→ Aim of the task
Using the records below, write out only the lines from the line containing "图 2-54 最不利组合工况作用下其余钢构件杆件应力比" up to and including the line containing "最もシンプルで信頼性が高いの", exactly, with no pictures.

[Recorded data]
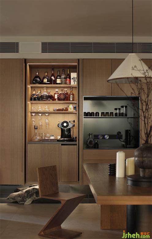 隱藏酒柜的置入,滿足現(xiàn)代生活的多元需求;于客廳一隅,賦予個性悅己的生活方式,開合式設(shè)計,靈活轉(zhuǎn)換空間功能,時光筑造設(shè)計給予生活趣味性和儀式感。
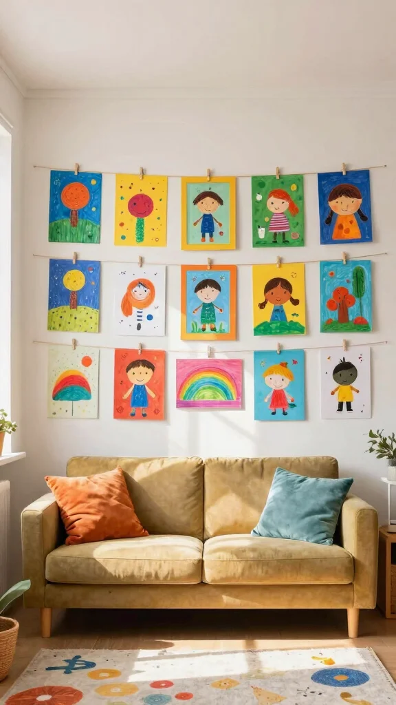 To create this cheerful display, choose a specific area, such as a hallway or a section of your living room, where their artwork can be prominently featured. Using washi tape or strings with clothespins provides an informal yet charming way to hang their creations, allowing for effortless updates. Involve your kids in the arrangement process to make it a fun family activity.
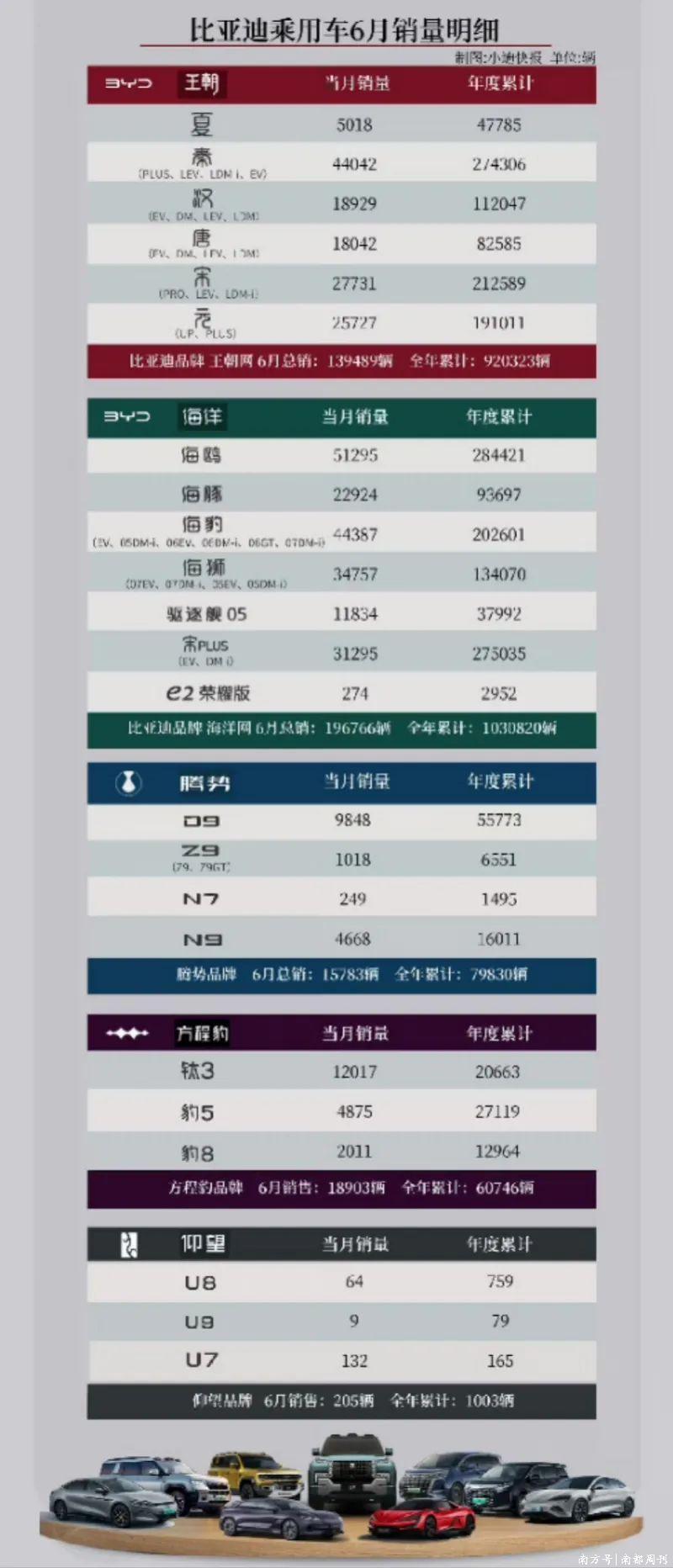 从车型来看,海洋系列的海鸥6月销量高达51295辆,以其超高性价比和时尚外观,成为小型电动车市场的明星产品,上半年累计销量达到284421辆。王朝系列中,秦6月销量44042辆,年度累计274306辆;汉6月销量18929辆,年度累计112047辆,在中大型轿车市场竞争激烈的情况下,销量依然稳健。
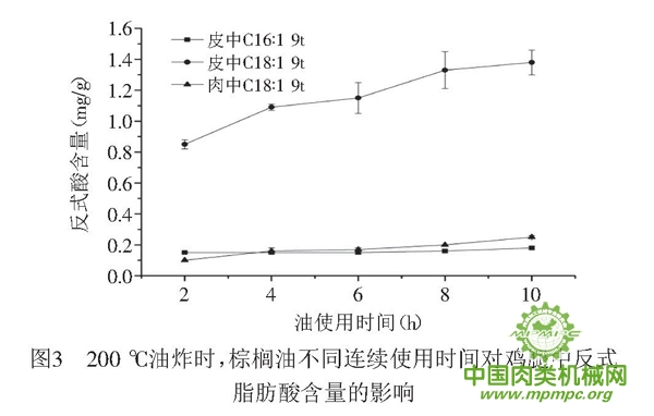以棕榈油进行油炸加工时,油炸鸡腿中所含主要反式脂肪酸为C18∶19t,这主要是由于棕榈油中的不饱和脂肪酸种类相对较少,主要是油酸。鸡皮中反式脂肪酸含量远高于鸡肉中,200℃下棕榈油使用2h时,鸡腿表皮中的总反式脂肪酸是肉中的9.7倍;在鸡肉表面色泽和油炸油使用时间相同条件下,温度越高,油炸鸡腿中反式脂肪酸含量越高。对于棕榈油,在160、180、200 ℃下油炸10h后酸价均远低于国家标准,而羰基值随使用时间和油炸温度的增加而升高,160℃下油炸10h已达到54.66 meq/kg,已明显超过国标关于煎炸油所允许的最高含量,180、200℃下使用8h后羰基值接近或已经超标。可以用来判定煎炸油的败坏程度。油炸温度越高,棕榈油使用时间越长,棕榈油品质变得越差,而且加工的鸡腿所含的反式脂肪酸含量越高。因此,以棕榈油进行油炸加工产品时,应选择160℃左右的加工温度,并控制棕榈油使用时间不超过10 h。
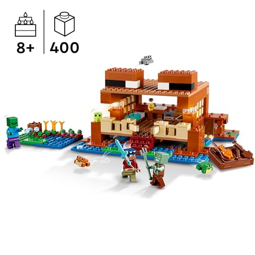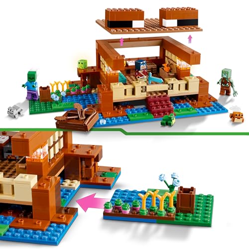 LEGO - لعبة بناء منزل الضفدع من ليغو Minecraft، لعبة بناء للأطفال الذين يحبّون لعب الأدوار والتشييد ونماذج حشود الحيوانات، تضم مستكشف المستنقع وزومبي، هدية للصبيان والبنات بعمر 8 سنوات أو أكثر 21256
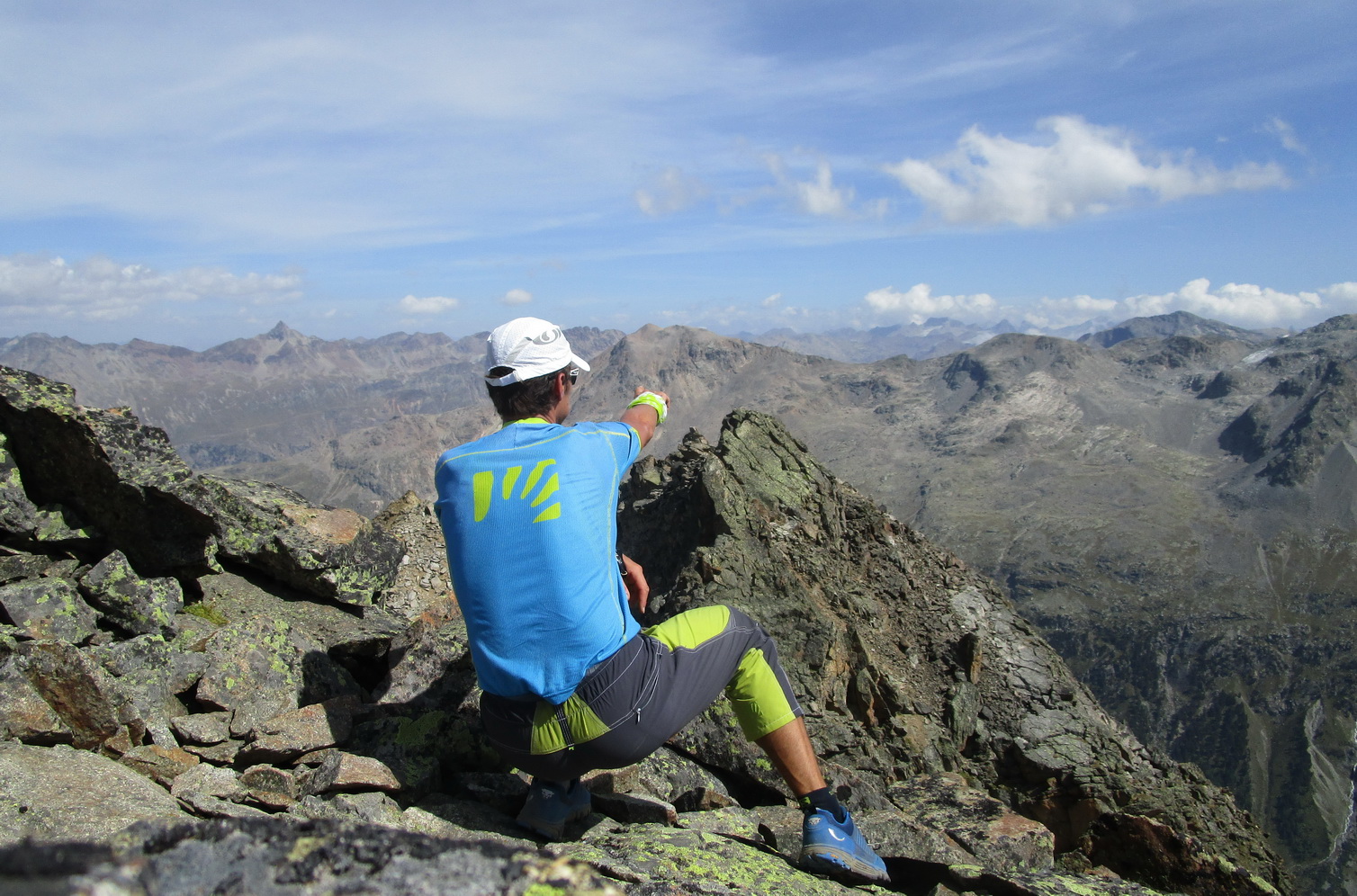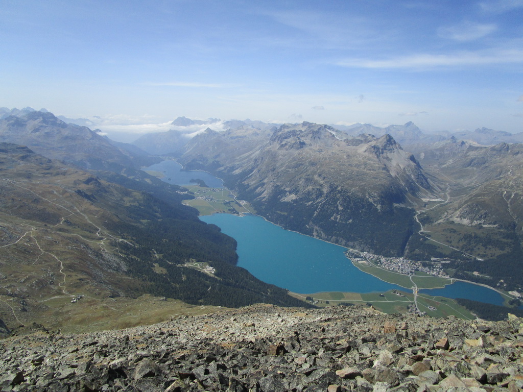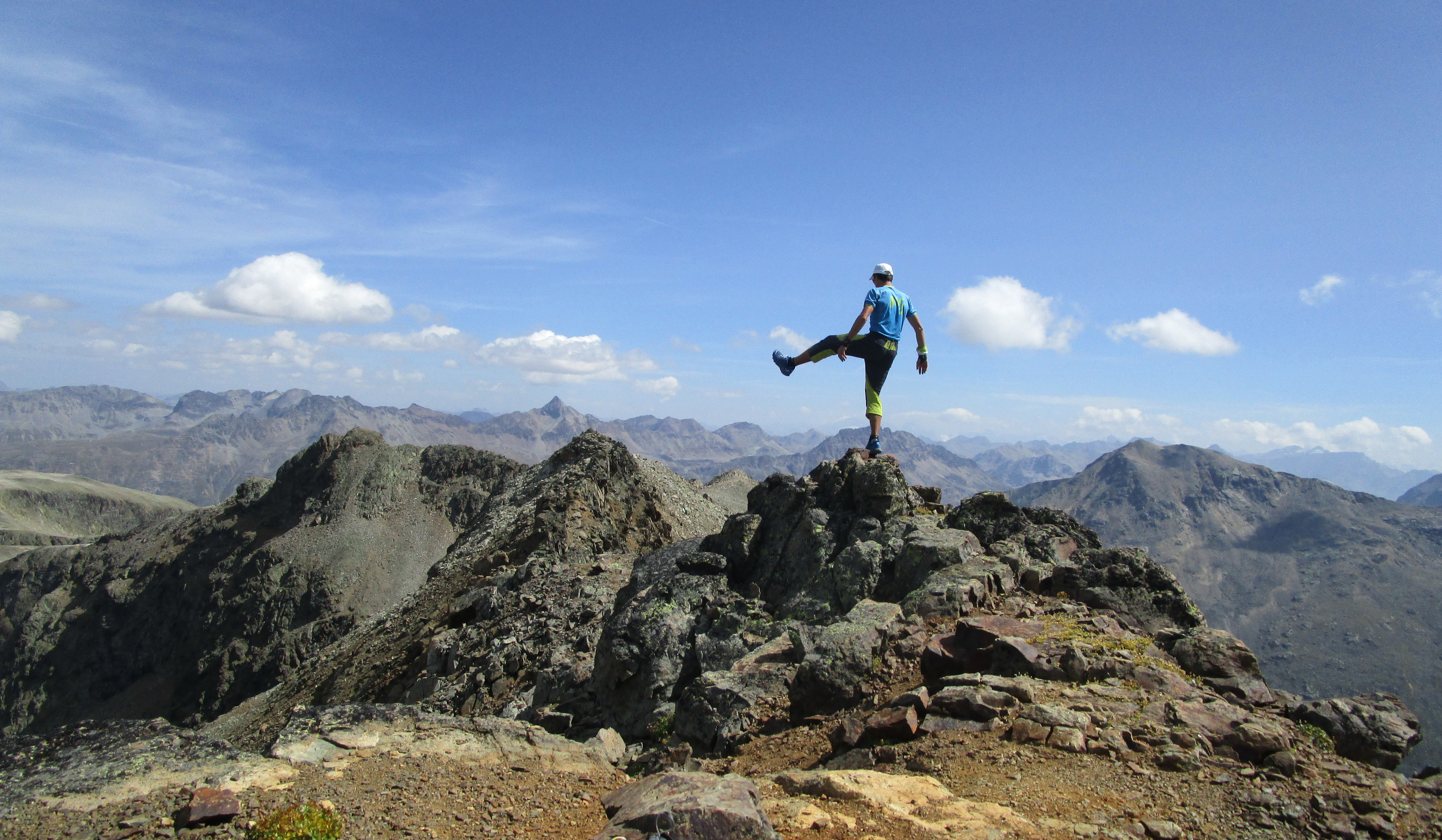 Na Piz Mezdi stretávam pár ľudí. Od Moritzu sem vedie značkovaný chodník. Sú to prví a zároveň poslední ľudia na hrebeni. Pokračujem cez Piz Rosatsch. Krásna expozícia ponúka výborné možnosti fotenia na samospúšť. Dnes to hojne využívam. Mojím cieľom nie je bežať a bojovať o každú minútu. Rýchle úseky presunu striedajú fotopasáže, kde pobehujem medzi statívom a pózovaním...
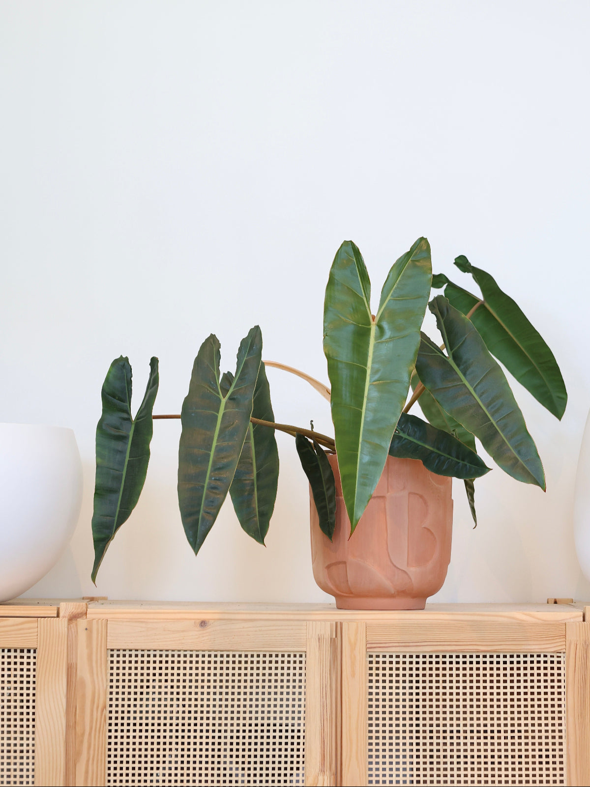A tropical favorite prized for its dramatic, split leaves and bold presence, thriving indoors with minimal care.
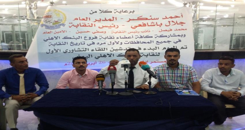 برعاية المدير العام للبنك الاهلي اليمني أحمد سنكر ورئاسة نقابة موظفي البنك ، دشن اليوم بالعاصمة المؤقتة عدن، اللقاء التشاوري الاول لنقابة البنك الاهلي اليمني، بمشاركة جميع فروع البنك بمحافظات الجمهورية ، وبحضور قيادة واعضاء النقابة.
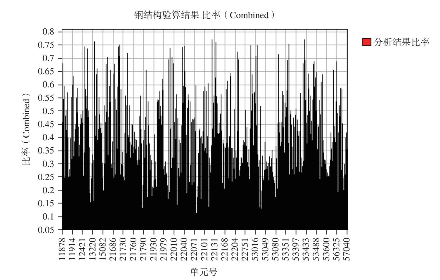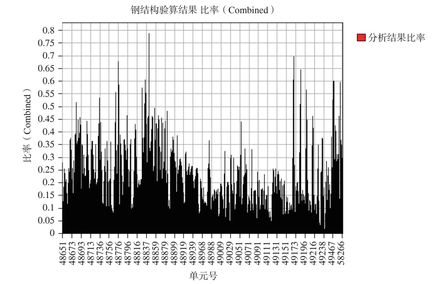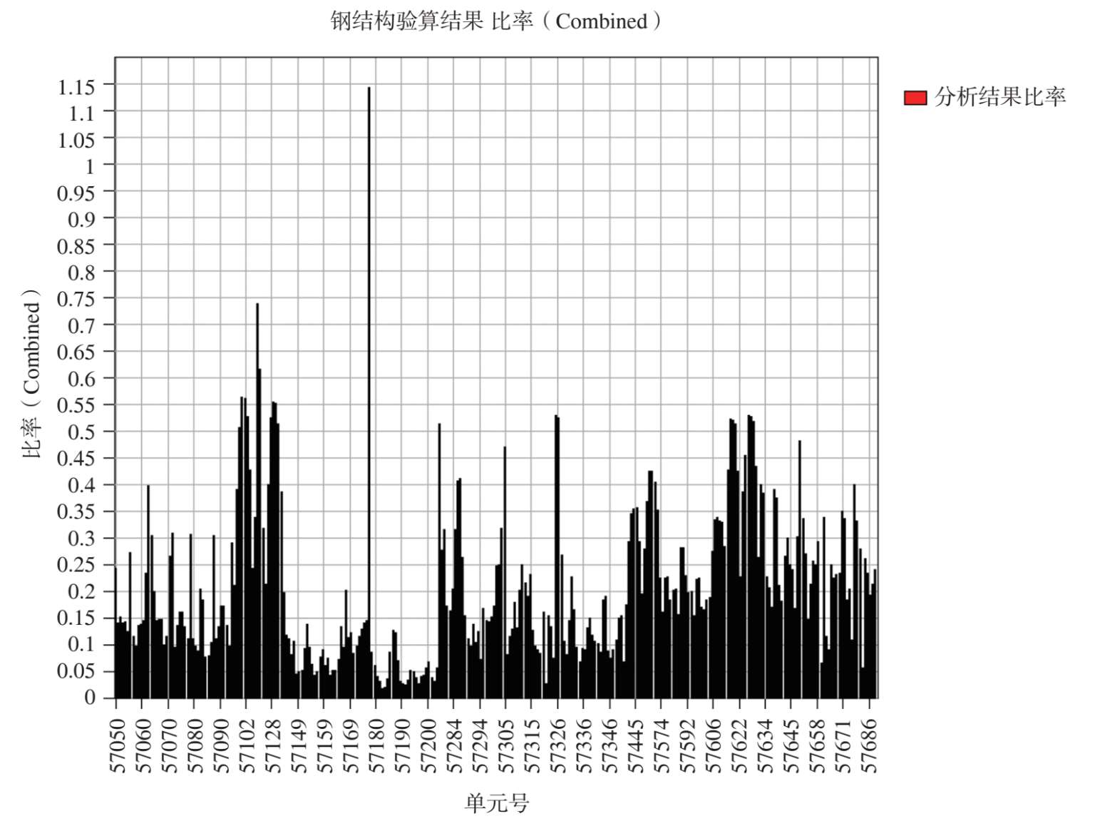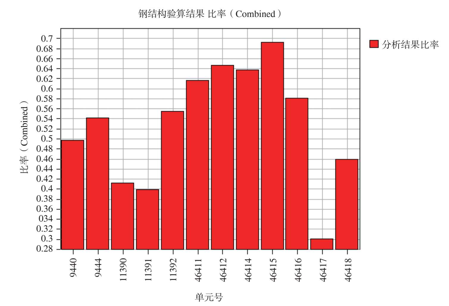 图 2-54 最不利组合工况作用下其余钢构件杆件应力比
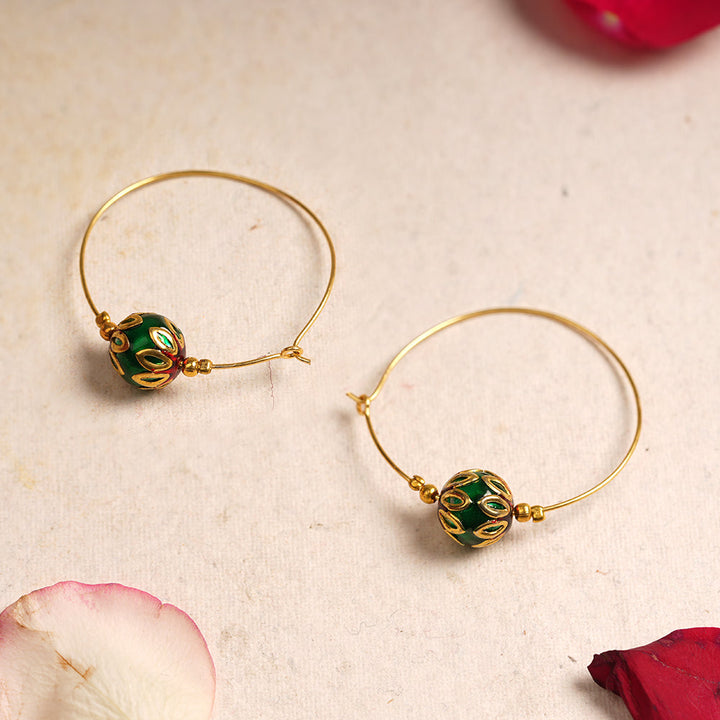 Elevate your style with the Rajvi Pearl Hoop Earrings in green. These earrings showcase lustrous pearls artfully arranged on a sleek hoop, blending classic elegance with contemporary design. Perfect for enhancing both casual and formal looks, they offer a refined touch that complements a variety of outfits with expert craftsmanship and subtle sophistication.
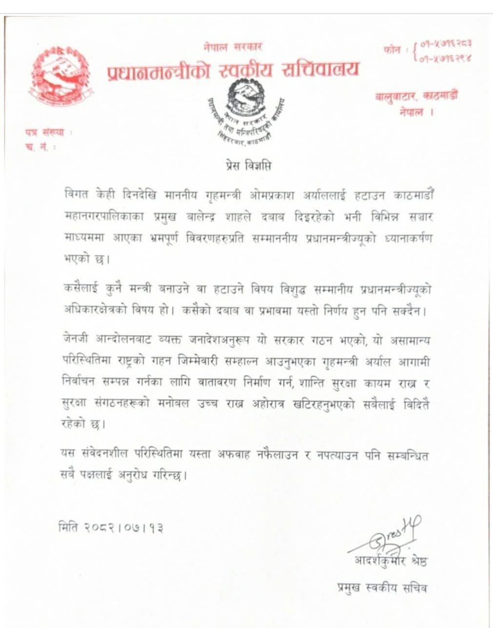 विज्ञप्तिमा भनिएको छ- गृहमन्त्री अर्याललाई हटाउन काठमाडौँ महानगरपालिकाका प्रमुख बालेन्द्र शाहले दबाब दिइरहेको भनी विभिन्न सञ्चार माध्यममा आएका विवरणहरु भ्रमपूर्ण भएको भन्दै प्रधानमन्त्री सुशीला कार्कीको ध्यानाकर्षण भएको उल्लेख रहेको छ ।
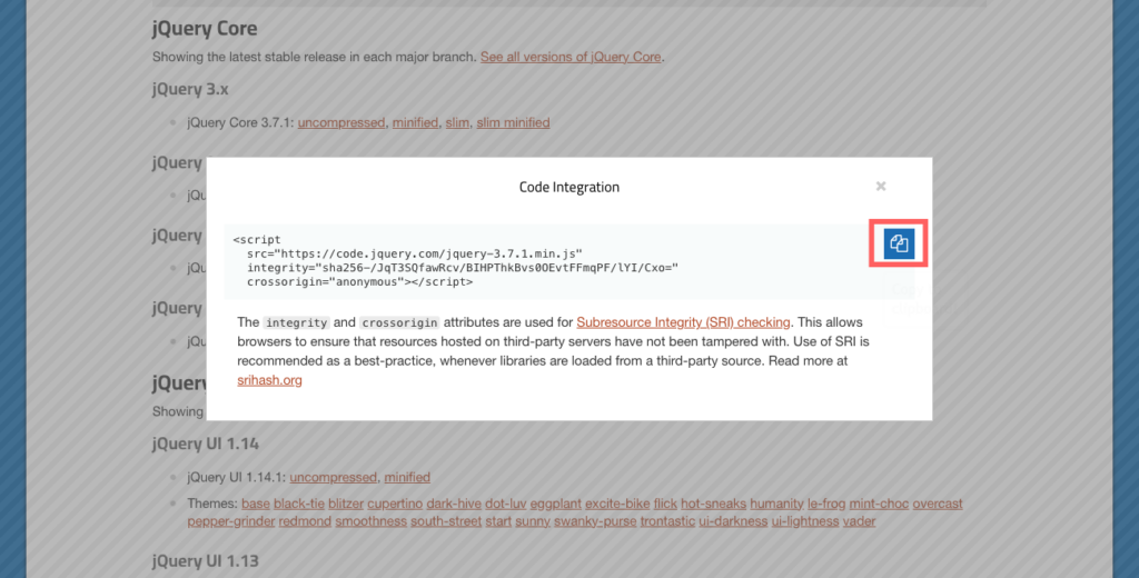 最もシンプルで信頼性が高いのが、jQueryの開発元であるjQuery公式のCDNです。以下のように、公式サイトから直接スクリプトタグを取得できます。
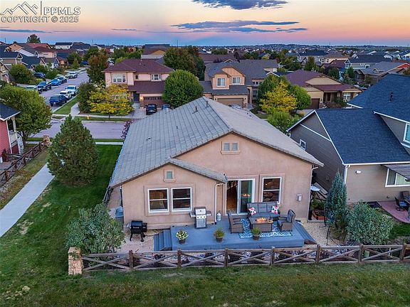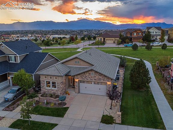 Perched on a premium mountain-view lot, this charming stucco, stone, and tiled-roof ranch will completely mesmerize you with its exceptional Front Range views from Pikes Peak to Cheyenne Mountain. The sunny and bright great room seamlessly brings the outdoors in with expansive windows and a glass slider to maximize panoramic views. Enjoy Colorado sunsets and outdoor entertaining on a composite deck that backs to open space and walking trails. The well-organized, gourmet kitchen features stainless steel appliances, leathered granite counters, marble tile backsplash, a pantry, and a breakfast bar. Mountain views and gorgeous LVP flooring continue in your primary retreat. The 5-piece ensuite bath features a custom, boutique-style walk-in closet and cedar-lined floors. Architectural details like raised, clerestory windows in the office create visual interest. An adjacent full bathroom, linen closet, and 3rd bedroom complete the main level. Downstairs is a spacious family room, 4th bedroom with a walk-in closet, a full bath with a double vanity, and a separate tub/shower and toilet room, plus a 5th bedroom used as a home gym, including a treadmill, rubber-mat flooring, a wall-mounted TV, and another walk-in closet. The laundry room contains a washer, dryer, upright freezer, and a dual-rack storage system that doubles as a second pantry. This thoughtful approach to custom organization extends to the garage with a butcher-block workbench, roll-out stainless storage carts, matching overhead storage bins, tower units, and ceiling racks to optimize vertical space. All of these extras, plus low-maintenance landscaping on a drip system, make this truly a lock-and-leave property. The BLR community offers bonus amenities like pickleball, tennis, pools, open space trails, summer concerts in the park, and easy access to restaurants, Peterson, and Shriever AFB. If you've been holding out for the perfect Colorado ranch with amazing mountain views, this is your moment.

→ Expected answer
 图 2-54 最不利组合工况作用下其余钢构件杆件应力比
 Elevate your style with the Rajvi Pearl Hoop Earrings in green. These earrings showcase lustrous pearls artfully arranged on a sleek hoop, blending classic elegance with contemporary design. Perfect for enhancing both casual and formal looks, they offer a refined touch that complements a variety of outfits with expert craftsmanship and subtle sophistication.
 विज्ञप्तिमा भनिएको छ- गृहमन्त्री अर्याललाई हटाउन काठमाडौँ महानगरपालिकाका प्रमुख बालेन्द्र शाहले दबाब दिइरहेको भनी विभिन्न सञ्चार माध्यममा आएका विवरणहरु भ्रमपूर्ण भएको भन्दै प्रधानमन्त्री सुशीला कार्कीको ध्यानाकर्षण भएको उल्लेख रहेको छ ।
 最もシンプルで信頼性が高いのが、jQueryの開発元であるjQuery公式のCDNです。以下のように、公式サイトから直接スクリプトタグを取得できます。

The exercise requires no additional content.